No identifiable reference to subjects will be made in analysis, reports or publications. To protect the confidentiality of subjects, all data will only be linked to a subject by a numeric identification code, of which the key will be safeguarded by the investigator. Blood samples for determining the eGFR will be destroyed by the laboratory after 1 week and will not be used for any other purpose than described in the study protocol.

An interim analysis will be performed for the primary and secondary study parameters after the end of follow up, i.e. death, of the first 30 participants in each group. A difference between the intervention and control group of more than 50% for the primary study parameter is considered to be an indication that one of the groups is significantly harmed more than the other. When this difference can't be contributed to other factors, like an uneven distribution of baseline characteristics, especially other medication use, it is considered unethical to withhold one of the groups from the superiority of one of the opioids. Therefore, this potential situation is regarded as a stopping rule.

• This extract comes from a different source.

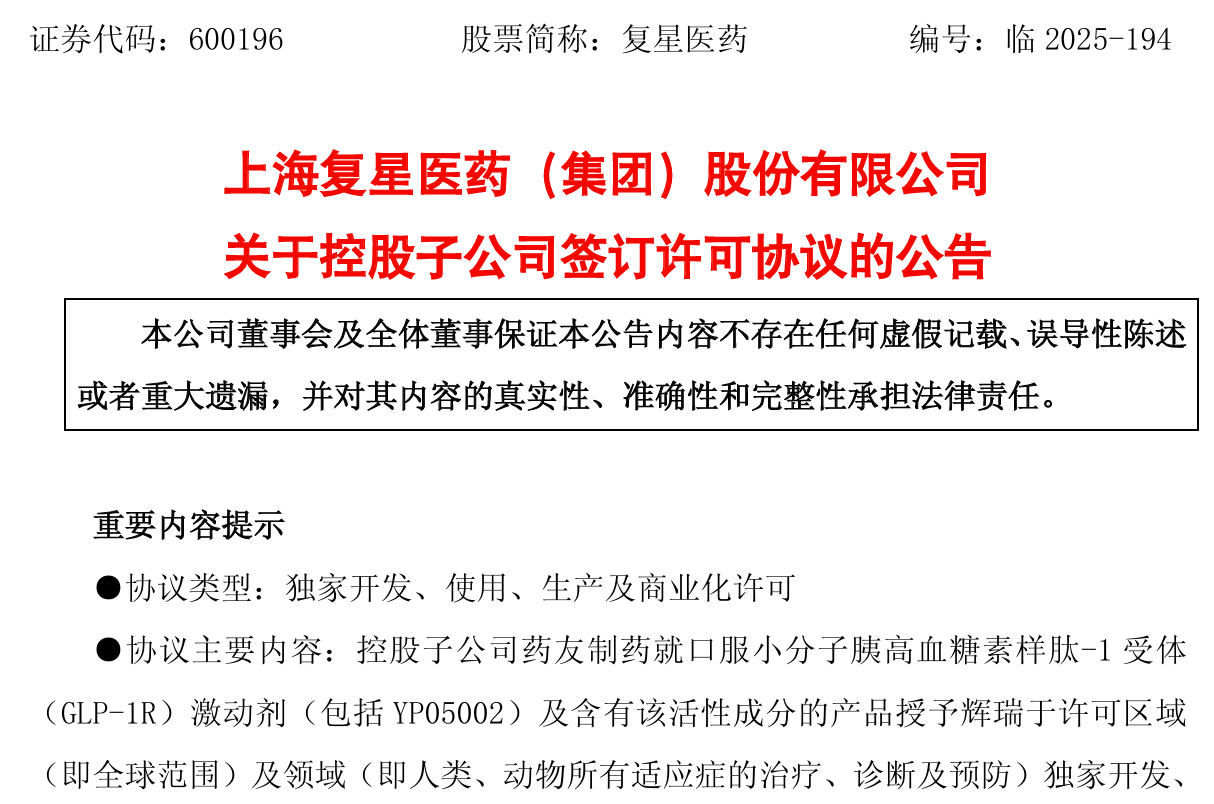12月9日晚间,复星医药发布公告称,公司控股子公司药友制药、复星医药产业与辉瑞共同签订《许可协议》,(其中主要包括)由药友制药就口服小分子胰高血糖素样肽-1受体(GLP-1R)激动剂(包括YP05002)及含有该活性成分的产品授予辉瑞于许可区域(即全球范围)及领域(人类、动物所有适应症的治疗、诊断及预防)独家开发、使用、生产及商业化权利。

Objection by incapacitated subjects: Since the major part of dying patients experiences a decline in cognitive functions and are not able to respond adequately anymore, it is essential that this incapacitated population is not being excluded in our study. When a participant is or has become incapacitated, his or her legal representative decides whether the subject will be participating in the study or not, unless the subject previously has stated explicitly otherwise. Signs of consistent objection or resistance to any of the study procedures after inclusion have to be considered as an expression of the participant's wish to not participate in the study any longer. Consequently he or she will be withdrawn from the study immediately. In case a incapacitated participant shows signs of objection or resistance to the continuous subcutaneous route of administration (for example by removal of the infusion tube or needle) the treating physician will decide whether continuation of CSCI of an opioid is a medical necessity to avoid severe suffering from pain. When there is no medical necessity or when adequate pain control can be achieved otherwise, it is not allowed for the subject to participate in the study any longer and he/she will be withdrawn from the study.